§ EXERCISE BRIEF
Copy the records that follow exactly as written, but not their pictures.

§ EXTRACTED RECORDS
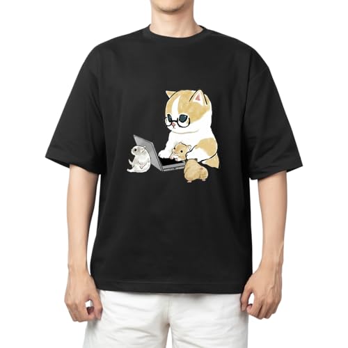Generic - تيشرت بقصة فضفاضة بطباعة قطط كيتي الصغيرة بنمط كاواي للشباب، لون أسود، 86
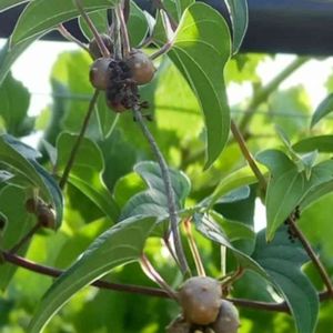 ヤマノイモのムカゴ ヤマイモ科ヤマイモ属つる性多年草 2週間振りの阿智の庭にヤマノイモのつるが絡まり、ムカゴがぶら下がってました😅 ジネンジョとも言われるとあり、自然薯と同じという事😲 田舎の庭は山の一部になってきています😅
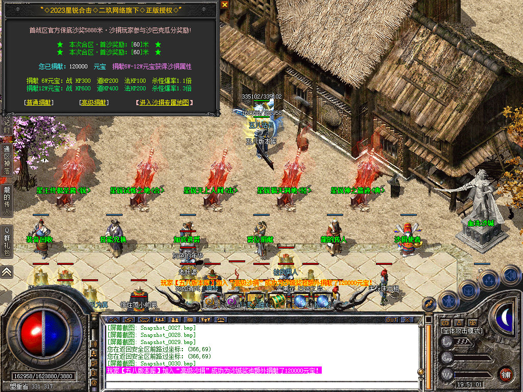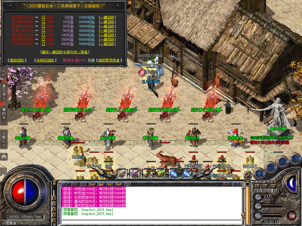 1★.最高消费: 200可获得刀刀打BOSS上毒+1件爆率时装+双运九武器+四倍练级+永久回收宝箱一个,散人可通过打元宝庄园合成爆率时装
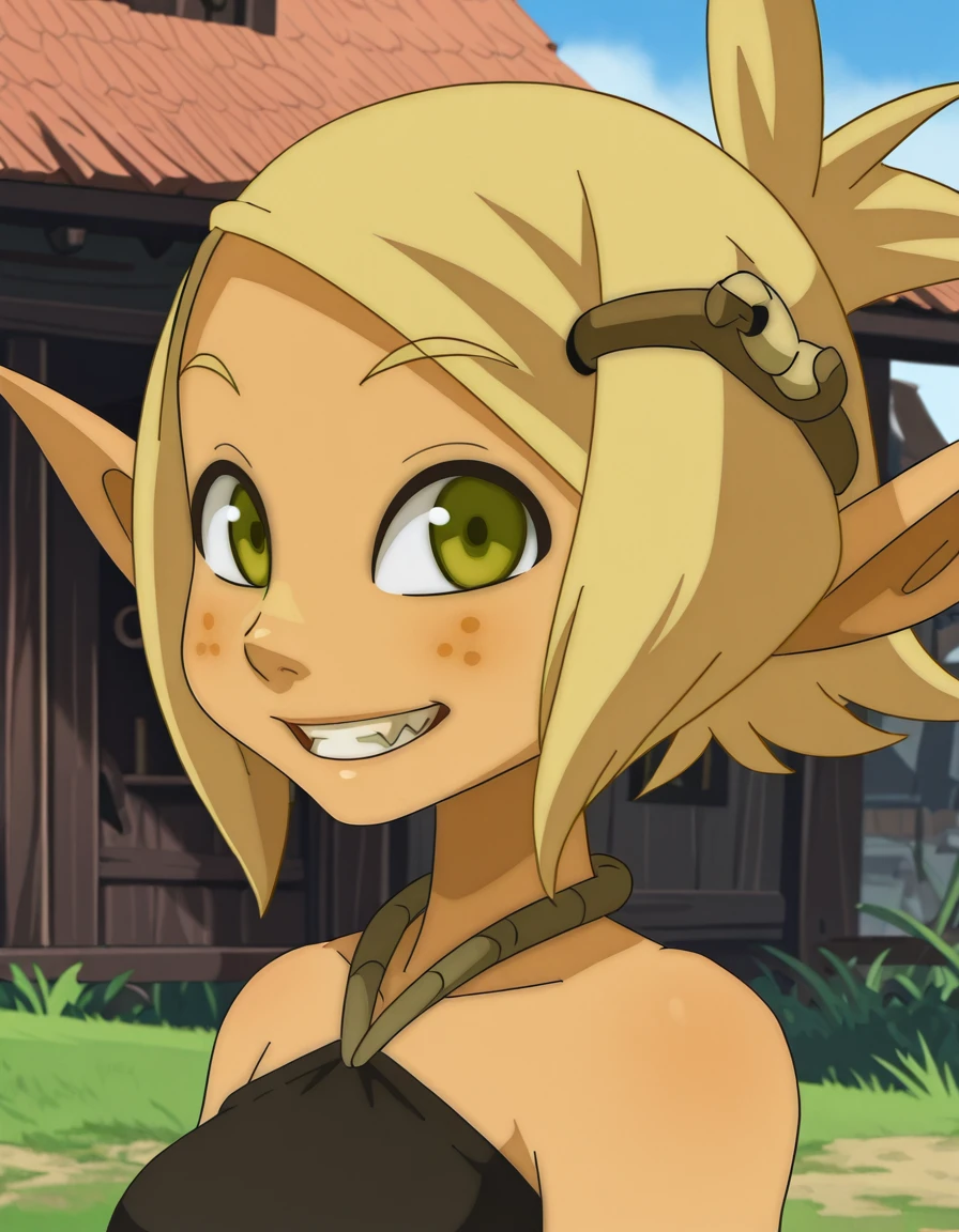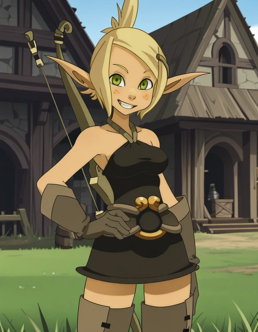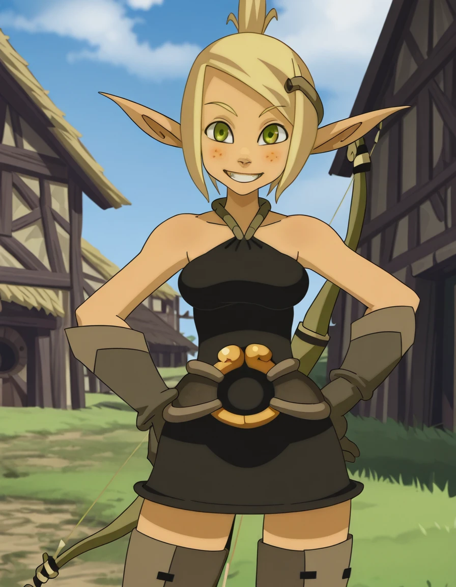 Eva, 1girl, freckles, blonde hair, solo, pointy ears, gloves, green eyes, bare shoulders, halterneck,thigh boots, elf, hair ornament, ponytail, quiver, belt
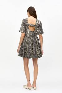 This Leopard Cotton Tweed Mini Dress features a round neckline, short sleeves, a pleated skirt and an open back. DETAILS - 100% organic cotton. Learn more about our materials - O-neckline - Short sleeves - Open back - Pleated skirt Made in: China Product ID: W0362 SIZE & FIT - Denise is 5’9” and wears a size US 4
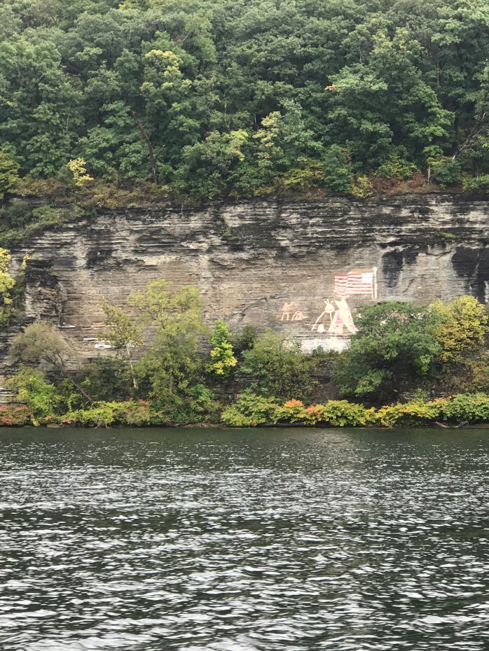 Painted rocks — parts of this was actually painted by the Seneca Indians long ago — the flag and tee-pee were added later.
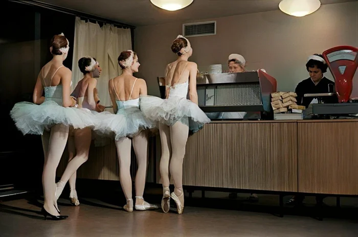 Артистки балета Большого театра СССР в буфете Кремлевского Дворца съездов, 1963 год.
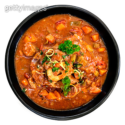 Osso Buco Veal Shanks Casserole in Rustic Black Dish Top View Isolated

§ RESPONSE TO THE EXERCISE
Generic - تيشرت بقصة فضفاضة بطباعة قطط كيتي الصغيرة بنمط كاواي للشباب، لون أسود، 86
 ヤマノイモのムカゴ ヤマイモ科ヤマイモ属つる性多年草 2週間振りの阿智の庭にヤマノイモのつるが絡まり、ムカゴがぶら下がってました😅 ジネンジョとも言われるとあり、自然薯と同じという事😲 田舎の庭は山の一部になってきています😅
 1★.最高消费: 200可获得刀刀打BOSS上毒+1件爆率时装+双运九武器+四倍练级+永久回收宝箱一个,散人可通过打元宝庄园合成爆率时装
 Eva, 1girl, freckles, blonde hair, solo, pointy ears, gloves, green eyes, bare shoulders, halterneck,thigh boots, elf, hair ornament, ponytail, quiver, belt
 This Leopard Cotton Tweed Mini Dress features a round neckline, short sleeves, a pleated skirt and an open back. DETAILS - 100% organic cotton. Learn more about our materials - O-neckline - Short sleeves - Open back - Pleated skirt Made in: China Product ID: W0362 SIZE & FIT - Denise is 5’9” and wears a size US 4
 Painted rocks — parts of this was actually painted by the Seneca Indians long ago — the flag and tee-pee were added later.
 Артистки балета Большого театра СССР в буфете Кремлевского Дворца съездов, 1963 год.
 Osso Buco Veal Shanks Casserole in Rustic Black Dish Top View Isolated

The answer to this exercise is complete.